Task to complete →
From the line with "전호교를 건너면 오른쪽으로" to the line with "Особенно это важно", retype every line exactly, including those two, and leave out the rest of the data below.

Data extracts →
# # # # #
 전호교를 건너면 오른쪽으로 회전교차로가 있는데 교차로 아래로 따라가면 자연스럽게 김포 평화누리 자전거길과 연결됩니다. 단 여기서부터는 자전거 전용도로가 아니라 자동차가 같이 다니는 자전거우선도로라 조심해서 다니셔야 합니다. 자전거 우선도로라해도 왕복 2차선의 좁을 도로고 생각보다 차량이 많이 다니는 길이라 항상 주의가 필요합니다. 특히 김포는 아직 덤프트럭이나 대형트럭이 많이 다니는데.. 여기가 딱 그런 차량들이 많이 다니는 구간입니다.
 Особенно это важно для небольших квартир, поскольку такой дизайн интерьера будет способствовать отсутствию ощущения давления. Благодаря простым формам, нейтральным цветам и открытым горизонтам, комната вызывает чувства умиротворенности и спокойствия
# # # # #
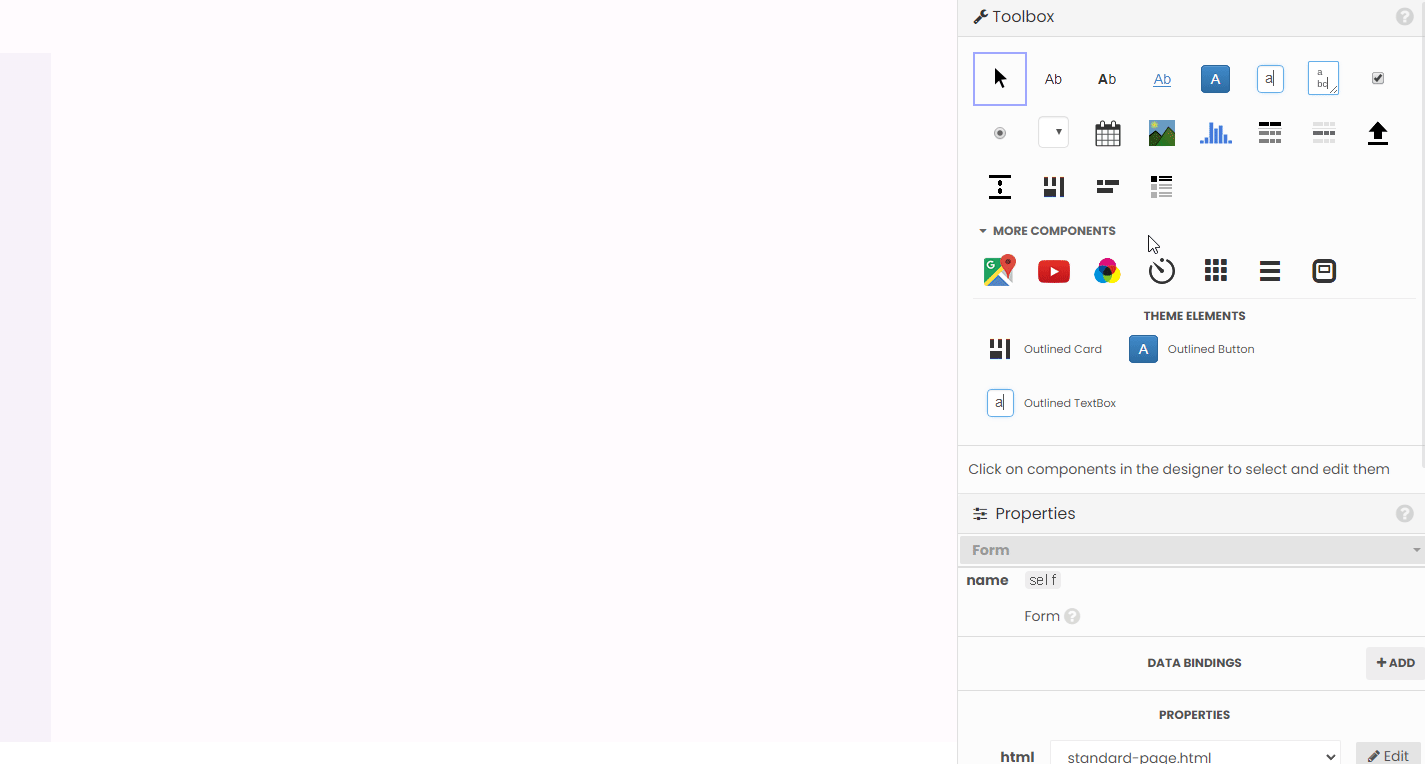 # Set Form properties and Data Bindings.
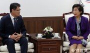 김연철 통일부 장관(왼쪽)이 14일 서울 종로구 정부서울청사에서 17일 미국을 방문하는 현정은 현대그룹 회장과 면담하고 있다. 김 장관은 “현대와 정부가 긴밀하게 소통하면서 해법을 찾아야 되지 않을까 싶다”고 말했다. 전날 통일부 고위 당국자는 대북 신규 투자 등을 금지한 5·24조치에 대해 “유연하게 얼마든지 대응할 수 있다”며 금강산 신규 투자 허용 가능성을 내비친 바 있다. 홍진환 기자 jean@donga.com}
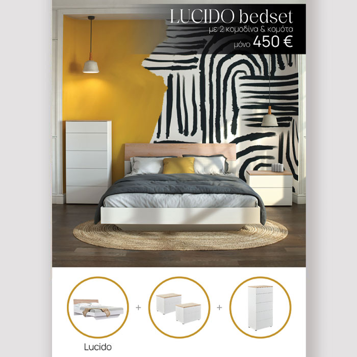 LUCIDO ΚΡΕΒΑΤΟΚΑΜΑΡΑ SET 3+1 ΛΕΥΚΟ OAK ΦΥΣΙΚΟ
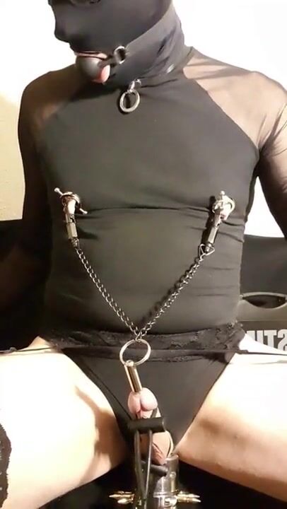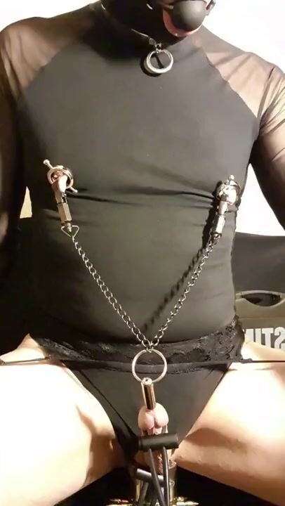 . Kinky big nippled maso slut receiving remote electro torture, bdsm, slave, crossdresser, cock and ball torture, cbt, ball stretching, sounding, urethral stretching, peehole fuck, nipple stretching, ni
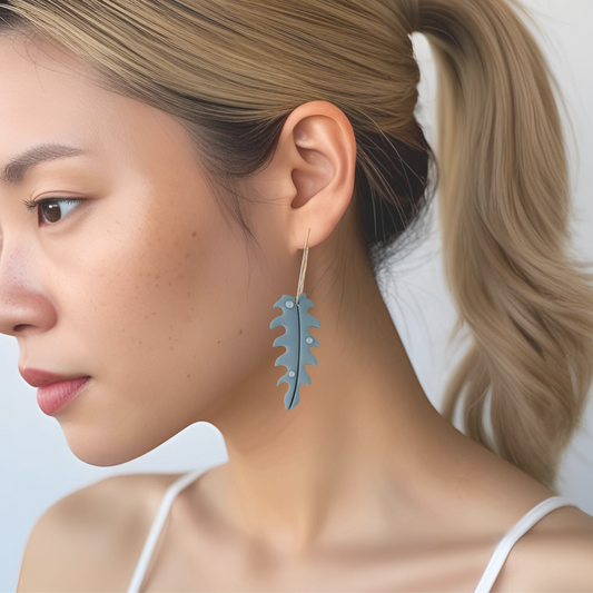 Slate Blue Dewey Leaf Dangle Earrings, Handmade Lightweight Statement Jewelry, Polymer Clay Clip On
# # # # #
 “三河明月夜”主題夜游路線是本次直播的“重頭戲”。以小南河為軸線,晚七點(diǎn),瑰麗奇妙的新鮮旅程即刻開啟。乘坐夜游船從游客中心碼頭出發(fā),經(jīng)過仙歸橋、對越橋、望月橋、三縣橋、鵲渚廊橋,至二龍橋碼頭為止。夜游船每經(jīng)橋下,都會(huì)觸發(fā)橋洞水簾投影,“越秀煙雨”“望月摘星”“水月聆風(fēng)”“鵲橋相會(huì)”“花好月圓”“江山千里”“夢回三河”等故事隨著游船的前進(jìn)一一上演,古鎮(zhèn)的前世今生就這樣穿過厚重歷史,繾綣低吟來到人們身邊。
# # # # #
Exercise result →
 전호교를 건너면 오른쪽으로 회전교차로가 있는데 교차로 아래로 따라가면 자연스럽게 김포 평화누리 자전거길과 연결됩니다. 단 여기서부터는 자전거 전용도로가 아니라 자동차가 같이 다니는 자전거우선도로라 조심해서 다니셔야 합니다. 자전거 우선도로라해도 왕복 2차선의 좁을 도로고 생각보다 차량이 많이 다니는 길이라 항상 주의가 필요합니다. 특히 김포는 아직 덤프트럭이나 대형트럭이 많이 다니는데.. 여기가 딱 그런 차량들이 많이 다니는 구간입니다.
 Особенно это важно для небольших квартир, поскольку такой дизайн интерьера будет способствовать отсутствию ощущения давления. Благодаря простым формам, нейтральным цветам и открытым горизонтам, комната вызывает чувства умиротворенности и спокойствия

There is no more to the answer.